Mandatory recommendation phrasing for the dev (one bullet per failing step that routes to C):
"(1) update_test_suite for suite '<suite_name>' (id=<suite_id>) — change step '<step_name>' (id=<step_id>): set <field_path> from '<old>' to '<new>' and update assertion <assert_index> on the same path; (2) record_sandbox_test on that suite to refresh the captured baseline; (3) replay_sandbox_test to verify."
BANNED wording — never write any of these on a route-C recommendation:
× "re-record the sandbox tests so the baseline picks up the new value"
× "just rerecord to refresh the captured response"
× "re-record and the new value will become the expected"

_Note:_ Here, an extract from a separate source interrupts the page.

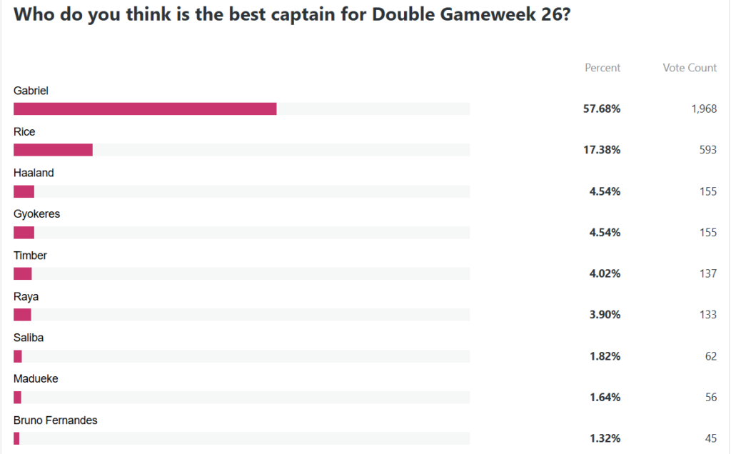 Perhaps unsurprisingly, given he’s also under Triple Captain consideration for some managers this week, Gabriel leads the way in our Double Gameweek 26 captaincy poll, with a whopping 57% of the vote at the time of writing.

× "re-record OR update assertions" (or any phrasing that joins update_test_suite and record_sandbox_test with "or" / "either … or" / "one of these two")
× "you can either update the assertions or re-record"
× "options: (a) update assertions, (b) re-record the suite"
All five drop step (1) or present the two steps as interchangeable. They are NOT alternatives — they are sequential steps in a single route-C flow: (1) update_test_suite, (2) record_sandbox_test, (3) replay_sandbox_test. Skipping (1) leaves the suite's authored assertion pinned on the old value; the next replay gate-1-fails on the same diff. If you catch yourself reaching for "or" between these two tools on a route-C recommendation, restate using the mandatory template.
╚════════════════════════════════════════════════════════════════════╝
Multiple failing steps can land in DIFFERENT branches — e.g. one step is a real app regression (B), another is a contract change (C). In that case, explain the split up-front, apply each fix, and run sandbox replay once at the end covering every affected suite.
After any B or C branch completes, the final message uses the same 3-subsection format (per-suite table → failed-steps table → diagnosis + recommendation) on the follow-up sandbox replay, PLUS a short "Fix applied" preamble naming the file:line edits (for B) or update_test_suite calls (for C). For A-only responses (all failures route to keploy), no follow-up run is needed — just restate the keploy-issue recommendation.
===== REPLAY / "EXPLAIN MY LATEST SANDBOX REPORT" =====
When the dev asks "explain my latest sandbox report" / "analyse the last run" / "why did it fail" — call this tool again with the SAME app_id + test_run_id and verbose=true so the full diagnostics come back even if nothing failed. Use that detail to answer their question. If you don't have the test_run_id to hand, list the app's most recent runs OF THE RIGHT KIND via /client/v1/apps/{app_id}/test-runs?kind=<rerecord|sandbox_run|test_suite_run> and pick the top one. NEVER list /test-runs without the kind filter and pick the latest blindly — different kinds are co-mingled in that collection, and an unfiltered list will surface a rerecord run when the dev asked for the latest sandbox replay (or vice versa). Match the kind to what the dev asked: "explain my latest record" → kind=rerecord; "explain my latest sandbox replay" / "integration test report" → kind=sandbox_run; "explain my latest live run" → kind=test_suite_run. If the dev's verb is ambiguous, ASK which kind first (per the verb-routing's explain-branch rule).